Many roads in the country are narrow and winding, and there has been a recent increase in traffic density. Ireland is currently upgrading their roads, but due to financial constraints many potholes do not get mended in a timely manner.
National Police Service – An Garda Síochána
The police force in the Republic of Ireland are called An Garda Síochána – more commonly referred to as “the Gardaí” or just simply “the Guards”. Members of the force can be identified on the street usually by the green florescent jackets they wear with the word “GARDA” written on the back and front.
The Gardaí in Dublin police an area known as The Dublin Metropolitan Region which incorporates the city and County of Dublin as well as small portions of adjacent counties – Kildare (to the west) and Wicklow (to the South). The current headquarters of An Garda Síochána is located in the Phoenix Park – the largest municipal park in the World, to the west of Dublin City.
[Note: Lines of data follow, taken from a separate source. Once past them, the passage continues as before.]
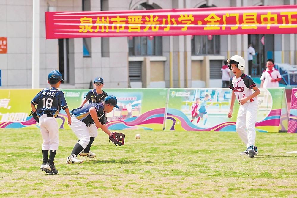 东南网10月9日讯(福建日报记者 黄琼芬 通讯员 郑玲红 摄)近日,一场充满欢声笑语的棒垒球交流赛在泉州市晋光小学北校区球场举行。来自金门县中正小学的棒球队跨海而来,与晋光小学的同学以球会友、切磋交流。在为期3天的活动中,中正小学的师生漫步晋光小学校园,参观校园,品味校园文化,在具有闽南文化特色的非遗馆体验妆糕人等非遗技艺。此外,他们还参观了开元寺、天后宫、德济门遗址、中山街等地,感受泉州深厚的历史文化底蕴。
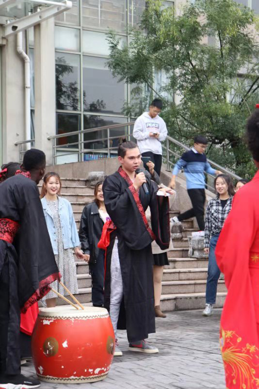 朗读团与留学生共同朗诵的《诗经·木瓜》,把人的思绪带入了中华传统文化无垠的长河里。百转千回、意蕴深远。在击鼓明志环节中,一声声清脆有力的鼓响寄托了老师们对学子们殷切的期盼,也饱含着学子们励志向学奋发前行的学习热情。
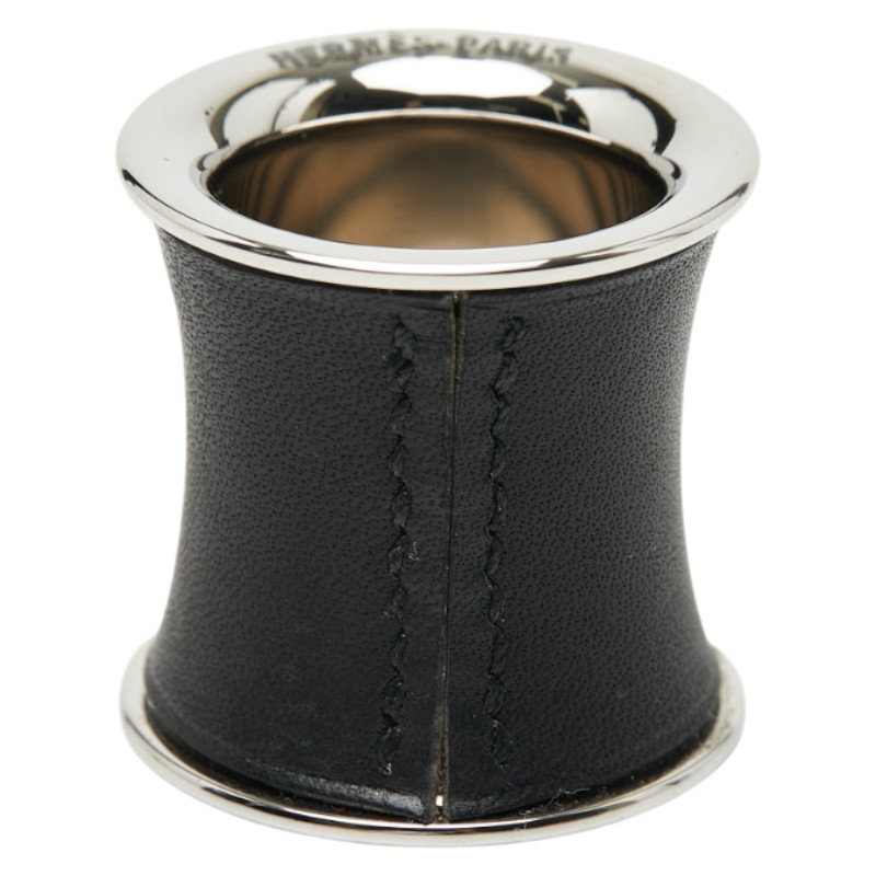 エルメス 筒型 スカーフリング シルバー ブラック メタル レザー レディース HERMES 【中古】

Public WiFi services are available in many cafes, bars, restaurants and hotels. They are also available on most Irish long-distance Intercity trains, some commuter trains and buses. Internet cafes are available in major urban areas, but are not as common as they once were, due to the growth of 3G data services and public WiFi. However, you will still find them in areas popular with tourists.
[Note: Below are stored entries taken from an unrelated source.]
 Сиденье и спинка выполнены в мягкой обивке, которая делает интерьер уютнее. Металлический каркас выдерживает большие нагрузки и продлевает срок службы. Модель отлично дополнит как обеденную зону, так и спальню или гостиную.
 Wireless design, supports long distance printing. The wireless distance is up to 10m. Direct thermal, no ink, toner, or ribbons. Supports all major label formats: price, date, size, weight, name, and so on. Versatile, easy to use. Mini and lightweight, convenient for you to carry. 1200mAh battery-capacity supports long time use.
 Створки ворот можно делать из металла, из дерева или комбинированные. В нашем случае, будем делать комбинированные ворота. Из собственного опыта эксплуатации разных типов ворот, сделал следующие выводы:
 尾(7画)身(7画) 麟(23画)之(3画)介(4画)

See also: International Telephone Calls
There are currently four main mobile phone operators dominating the Irish market:
- Vodafone (prefix 087 – GSM900/1800 – 3G 2100)
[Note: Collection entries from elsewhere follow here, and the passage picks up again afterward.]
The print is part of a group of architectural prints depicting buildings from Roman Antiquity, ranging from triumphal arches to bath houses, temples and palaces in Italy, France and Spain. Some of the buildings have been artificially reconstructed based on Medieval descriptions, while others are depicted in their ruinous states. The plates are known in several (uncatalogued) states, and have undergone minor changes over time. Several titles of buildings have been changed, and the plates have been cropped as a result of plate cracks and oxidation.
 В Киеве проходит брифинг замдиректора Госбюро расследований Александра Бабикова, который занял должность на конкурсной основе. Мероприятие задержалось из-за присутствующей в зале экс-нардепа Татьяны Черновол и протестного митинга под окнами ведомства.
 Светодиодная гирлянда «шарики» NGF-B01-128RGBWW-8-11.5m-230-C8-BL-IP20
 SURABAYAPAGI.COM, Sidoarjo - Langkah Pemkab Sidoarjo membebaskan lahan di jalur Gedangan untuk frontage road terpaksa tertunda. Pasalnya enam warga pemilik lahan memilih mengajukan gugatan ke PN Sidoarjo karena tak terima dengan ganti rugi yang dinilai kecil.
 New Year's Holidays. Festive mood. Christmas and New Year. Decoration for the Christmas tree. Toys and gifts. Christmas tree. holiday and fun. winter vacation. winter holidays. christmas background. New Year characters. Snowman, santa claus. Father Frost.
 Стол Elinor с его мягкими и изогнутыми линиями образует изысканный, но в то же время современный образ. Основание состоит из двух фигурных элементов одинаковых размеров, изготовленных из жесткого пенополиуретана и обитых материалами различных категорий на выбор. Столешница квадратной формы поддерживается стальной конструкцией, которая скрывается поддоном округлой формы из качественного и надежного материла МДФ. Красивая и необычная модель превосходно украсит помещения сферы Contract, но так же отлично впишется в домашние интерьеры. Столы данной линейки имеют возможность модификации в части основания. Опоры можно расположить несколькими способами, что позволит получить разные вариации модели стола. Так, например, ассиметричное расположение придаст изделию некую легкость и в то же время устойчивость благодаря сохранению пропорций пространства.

- O2 (prefix 086 – GSM900/1800 – 3G 2100)
- eir (prefix 085 – GSM900/1800)
- Three (prefix 083 – GSM900/1800 – 3G 2100)
Most European phones and operators will allow you to roam on Irish networks, however you should ensure before arrival that your phone can operate on the GSM900/1800 network and that your service provider has set you up to allow roaming. This is especially true for visitors from outside the Eurozone. You can also buy a cheap prepay SIM card if you have an unlocked handset. This can be considerably cheaper as it means that you will be assigned an Irish number which you can be called at during your trip and your outgoing calls are charged at normal Irish mobile rates.
Pay phones are fairly widely available (but becoming less so) and most take euro coins, prepaid calling cards and major credit cards.
The police service (An Garda Síochána) and fire services can be contacted by dialling 999 or 112 on any phone or mobile phone throughout the country.
An Post is the national postal service provider. They’re generally open Monday to Friday, between 9:00am to 5:30pm or 6:00pm, and smaller post offices would also impose lunch-time closure. Half-day service is available on Saturday, from 9:00am to 1:00pm. The General Post Office (GPO) on O’Connell Street in Dublin is the main post office in Dublin, and it is open Monday to Saturday, from 8:00am to 8:00pm. The post offices are closed on Sunday and Bank Holiday. If you want to use private courier services for sending packages you can also use companies like DHL, UPS or TNT.
Ireland does not currently have a nationwide postal code system and in Dublin, certain areas have postal areas, given as Dublin XX with XX being numbers 1 to 24. Areas to the northside of Dublin have odd numbers, while areas to the southside of Dublin have even numbers (except the official residence of the President of Ireland – Áras an Uachtaráin – which is designated Dublin 8 despite being located in Phoenix Park on the northside).